The Peppermint Bark Eggnog is rum cocktail that was created by Tom Maey of Clover Club in New York City, New York and was first published in the book Winter Drinks: 70 Essential Cold-Weather Cocktails by the editors of PUNCH. In the description, this recipe is described as the drink version of mint chocolate chip ice cream, which is pretty spot on because it takes notes from a classic flip and combines a whole egg with cream and booze. The original called for heavy cream and no added sugar apart from the liqueurs, but we tested a few different versions before settling on this one; we felt it delivered a better mouthfeel, a nice pop of delicious flavors, and a fun candy cane rim.

Cocktail Ingredients

To make this cocktail, you’ll need the following ingredients:

Aged Rum: This is the base spirit. We used Appleton Estate Distillery’s because it’s sweet and salty with hints of salted caramel and oak that pair well with the sweeter ingredients. For a mocktail version of this drink, try Caleño Dark & Spicy Tropical Non-Alcoholic Spirit in place of the rum.

Cognac: This is the other base spirit. It’s a type of brandy made from distilled white wine in Cognac, France. We used Courvoisier VSOP Cognac because it has a rich mouthfeel and a delightful brandy spice with notes of peach, almond, and cinnamon.

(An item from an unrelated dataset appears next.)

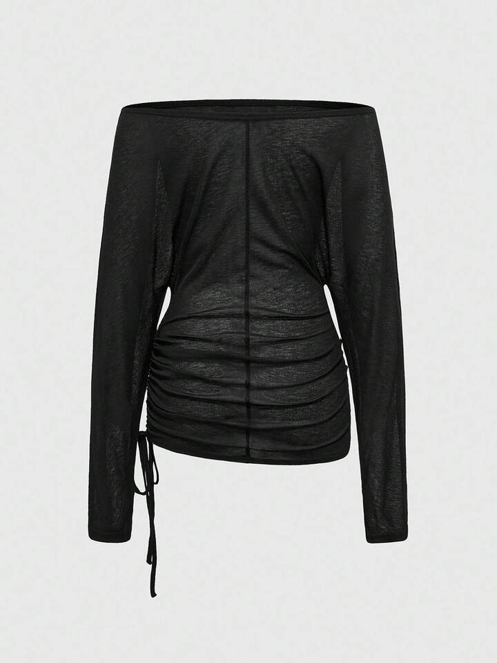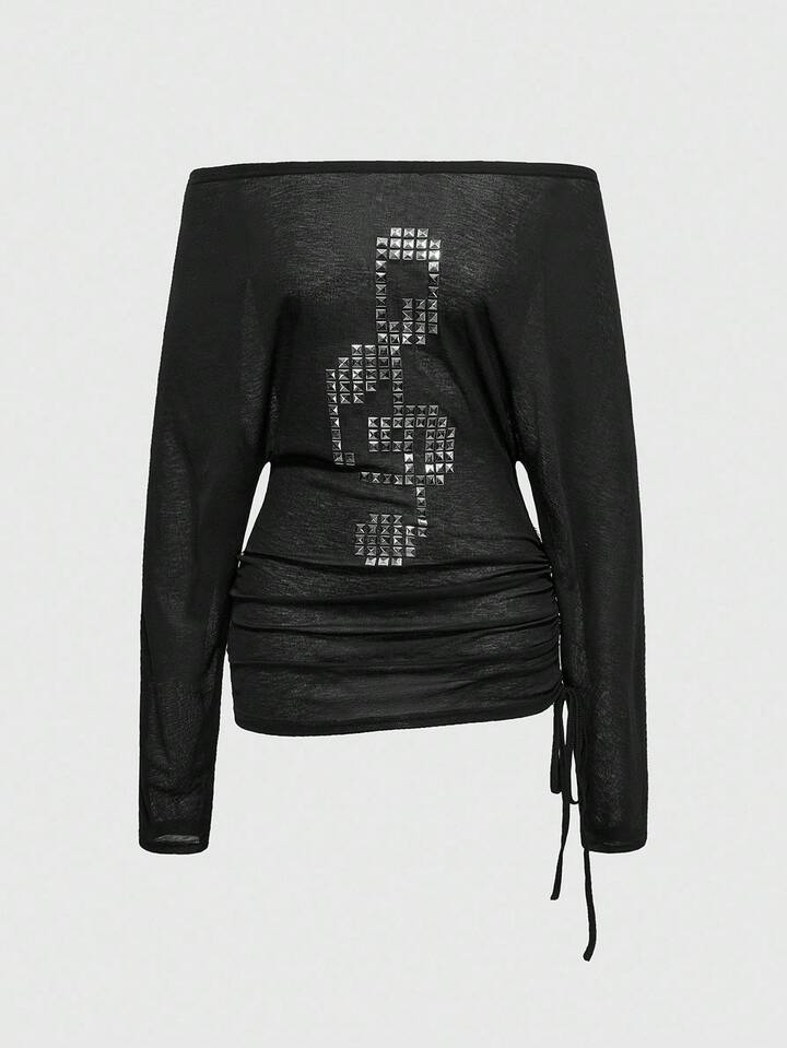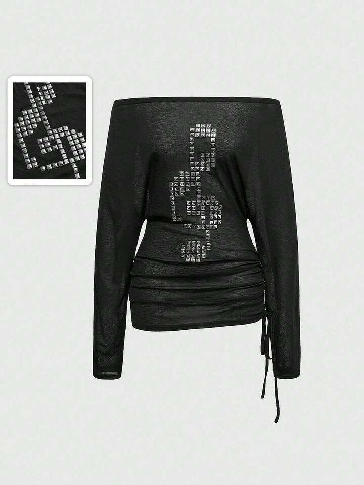 Grunge Punk ملابس علوية كتف مكشوف بطراز بانك مزينة بالصليب والزنابير، بأكمام طويلة

For a mocktail version of this drink, try Escape Mocktails Non-Alcoholic Cognac Alternative in place of the brandy.

Heavy Cream: This is a thick, high-fat milk product. We prefer to use half & half instead of heavy cream because it’s lower in calories.

White Crème De Menthe: This adds cool peppermint flavor. We used DeKuyper’s, but whichever crème de menthe you can find will work. For a mocktail version of this drink, try Torani Non-Alcoholic Crème De Menthe Syrup in place of the liqueur.

White Crème De Cacao: This adds cocoa notes. We also used one of these made by DeKuyper. For a mocktail version of this drink, try Torani Non-Alcoholic Crème De Cacao Syrup in place of the liqueur.

Simple Syrup: This is a sweetener made with white sugar and water. We made ours at home using Alex’s stovetop recipe.

Whole Egg: This adds more thickness and body. When a recipe calls for whole egg, it means the egg white and yolk. Most cocktail recipes only call for egg white, and that’s what makes eggnog unique.

Crushed Candy Canes: These are added to the rim for more mint flavor.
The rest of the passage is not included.